Equilibre entre spécialisation et diversification, succession des blockbusters et rémunération de l’innovation placent la barre très haut pour les industriels.

Quels sont les principaux défis auxquels est confrontée l’industrie pharmaceutique mondiale en ce début 2018 ? La publication égrenée au cours des précédentes semaines des résultats 2017 des grands groupes et l’exercice d’actualisation de la stratégie qui les accompagne propose une image instantanée de la situation du secteur.

Première constatation : la spécialisation dans un domaine thérapeutique dont on devient le champion incontournable peut être dangereuse. N’est pas Roche qui veut en cancérologie.

« L’américain BMS, qui s’est progressivement recentré sur le cancer, est aujourd’hui à la merci des performances de son produits phare, l’Opdivo, comme l’a montré la perte de 20 % de sa valeur en Bourse à la suite d’un échec dans le cancer du poumon », observe un ancien dirigeant de l’industrie.

Idem pour Novo Nordisk. Tout roi du diabète qu’il était, le danois a vu ses ventes stagner en 2017 en raison de la reconfiguration de ce marché. D’où sa volonté d’élargir ses activités à des domaines connexes, comme l’obésité ou la NASH (une maladie du foie). Et son intérêt renouvelé pour l’hémophilie.

Lendemains difficiles

Autre incontournable pour les laboratoires : les blockbusters. D’abord source de prospérité, ils deviennent ensuite un problème lorsque les brevets tombent dans le domaine public.  Les traitements curatifs contre l’hépatite C (9 milliards de dollars de ventes pour le Harvoni en 2016) ont ainsi propulsé Gilead, une entreprise de taille moyenne, dans la cour des grands, mais avec maintenant l’obligation de leur trouver des successeurs aussi brillants.

Idem des produits comme Humira (16 milliards de dollars de ventes en 2016), Enbrel (8,9 milliards de dollars en 2016) ou encore Lantus (6 milliards de dollars en 2016) qui provoquent des lendemains de fête difficiles.

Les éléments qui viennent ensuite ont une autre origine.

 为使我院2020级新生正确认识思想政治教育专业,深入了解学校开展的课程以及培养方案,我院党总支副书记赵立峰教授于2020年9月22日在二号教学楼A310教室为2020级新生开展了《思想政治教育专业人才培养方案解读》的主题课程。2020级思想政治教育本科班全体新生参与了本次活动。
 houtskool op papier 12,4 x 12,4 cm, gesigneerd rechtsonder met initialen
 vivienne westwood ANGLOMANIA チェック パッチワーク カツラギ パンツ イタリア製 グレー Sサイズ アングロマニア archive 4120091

La fonte du chiffre d’affaires d’AstraZeneca (son redémarrage est attendu en 2018) après la perte des brevets de Crestor, Nexium et Seroquel a failli lui coûter son indépendance face à Pfizer.  Que Sanofi ait pu amortir le choc de la perte de brevet de Lantus (avec des ventes quasiment stables en 2017) est déjà une performance en soi.

Rapatrier des avoirs

Générer des blockbusters de façon régulière suppose un instrument de R&D extrêmement puissant. Mais cela peut aussi s’acheter.

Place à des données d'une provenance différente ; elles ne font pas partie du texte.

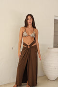 Crafted in a rich macchiato brown, the smooth, lightweight fabric flows beautifully over swimwear or styled with a minimal top for elevated resort dressing.
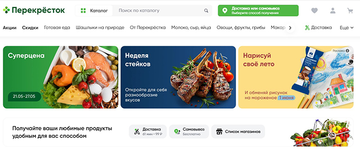 Перекресток – одна из крупнейших в России сетей супермаркетов. В настоящий момент у нее 961 магазин, расположенный по всей территории РФ. Воспользоваться услугами доставки можно через официальный сайт, а также фирменное мобильное приложение для iOS или Android.
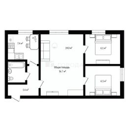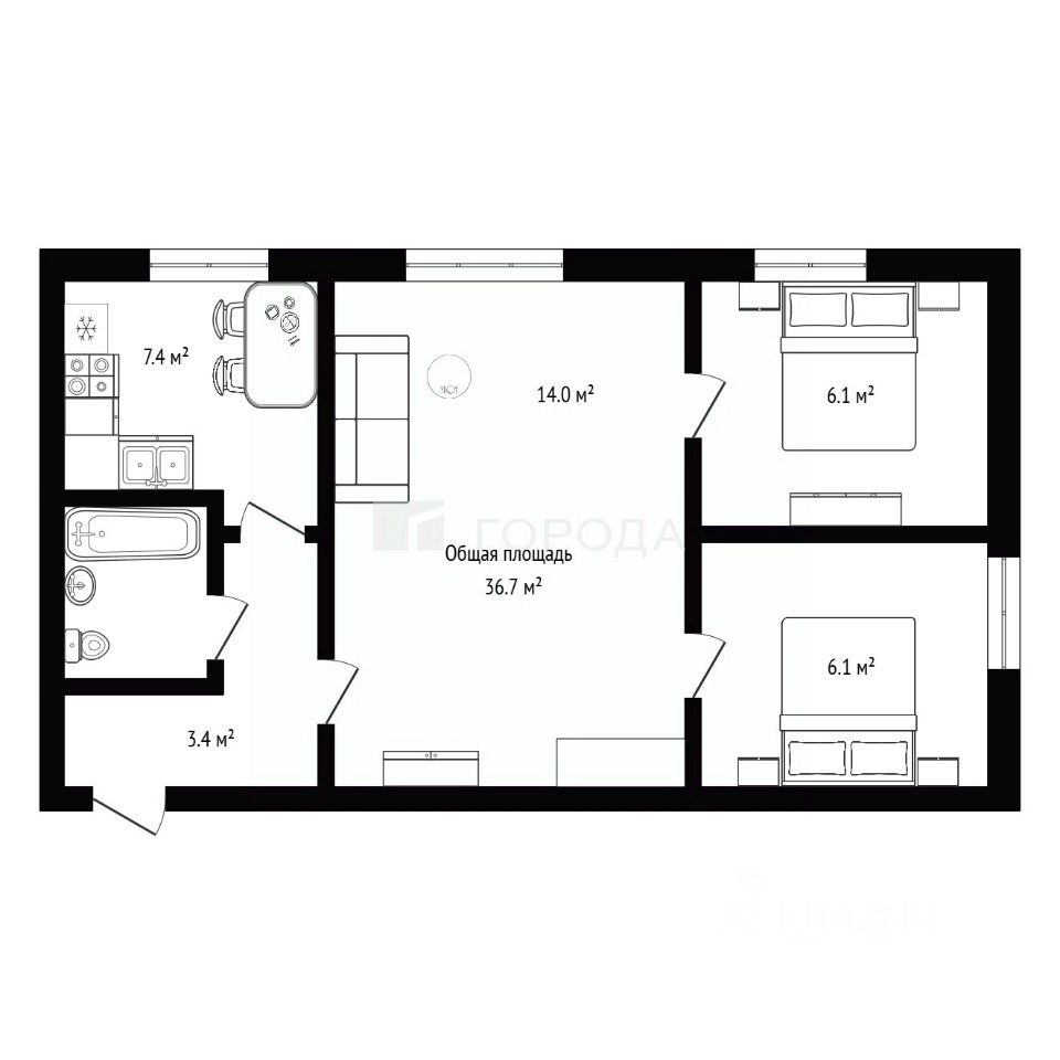 Квартира расположена на втором этаже двухэтажного панельного дома 1955 года постройки. Общая площадь составляет 36,7 кв. м, из которых 26,2 кв. м — жилая площадь. Три изолированные комнаты (6,1 + 6,1 + 14 кв. м) обеспечивают достаточное пространство для всей семьи. Высота потолков 2,5 м создаёт ощущение простора.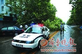 8日早5点,交警在将军路等路段发现两处被台风折损的树木。并与市路政工作人员及时排除障碍,消除了道路交通安全隐患。 本报记者 冯琳 通讯员 于东方 王明江 摄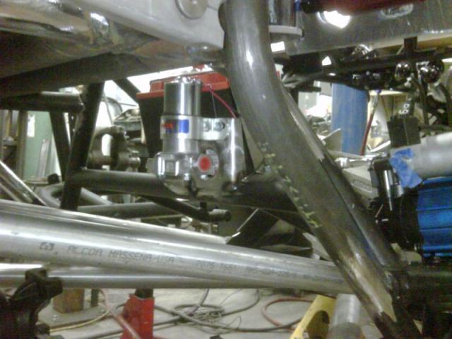 Started mounting some of the stuff needed to make this thing run. I've upgraded to a bigger transmission cooler which wouldn't fit in the old ones spot so that gave me some much needed real estate for the fuel system stuff. I decided not to mess around with the fuel system. Fuel pump issues caused us major headaches during the Vegas to Reno race in the 115 deg heat. DSI did some research, made some phone calls and put up the $ to test out a better fuel system.

« Beaucoup de groupes pharmaceutiques, cherchent à acheter le prochain blockbuster avec d’autant plus d’énergie que leurs brevets se rapprochent de l’échéance », observe Ben McLaughlin, président du groupe Global Healthcare Industry du cabinet d’avocats d’affaires Baker McKenzie.

Les cibles privilégiées sont des biotech avec des produits proches du marché, dans la droite ligne de ce qu’ont fait Gilead avec Kite ou Celgene avec Juno. Ce mouvement devrait s’accélérer en 2018, selon Baker McKenzie, et pousser les valorisations à la hausse, un phénomène encore amplifié par la réforme fiscale américaine qui permet à de nombreux laboratoires américains de rapatrier des avoirs. Le cabinet d’avocats estime ainsi que le montant des fusions-acquisitions devrait croître de 50 %, de 277 milliards en 2017 à 418 milliards de dollars.

Nouveau mécanisme

Mais le mouvement pourrait concerner des activités entières – Pfizer et l’allemand Merck envisagent de céder leur automédication et Lilly sa santé animale. Beaucoup s’attendent aussi à ce que Pfizer, fort de la logique financière qui guide sa stratégie, lance une grosse opération. Parmi les proies envisagées par les analystes, BMS mais aussi Biogen.

Enfin, la qualité de la R&D ne garantit plus à elle seule le succès d’un médicament. Il faut aussi que l’innovation soit correctement rémunérée.

« Or, on observe une forte pression sur les prix qui résulte à la fois de l’action des payeurs et de la concurrence, estime Hervé Ronin, associé chez Bryan Garnier. A l’heure de la recherche mondialisée, personne ne peut plus développer un médicament à l’abri des regards. »

Un nouveau mécanisme d’action inspire souvent d’autres laboratoires quasi simultanément : les nouveaux produits contre le cholestérol anti-PCSK9 de Sanofi et d’Amgen ont ainsi été autorisés presque au même moment. Idem pour les anti-PD1-PDL1 (Opdivo, Keytruda) ou les CART (Novartis, Kite).

« Aujourd’hui, les rentes de situation ne durent pas plus de quelques semaines à quelques mois », conclut Hervé Ronin.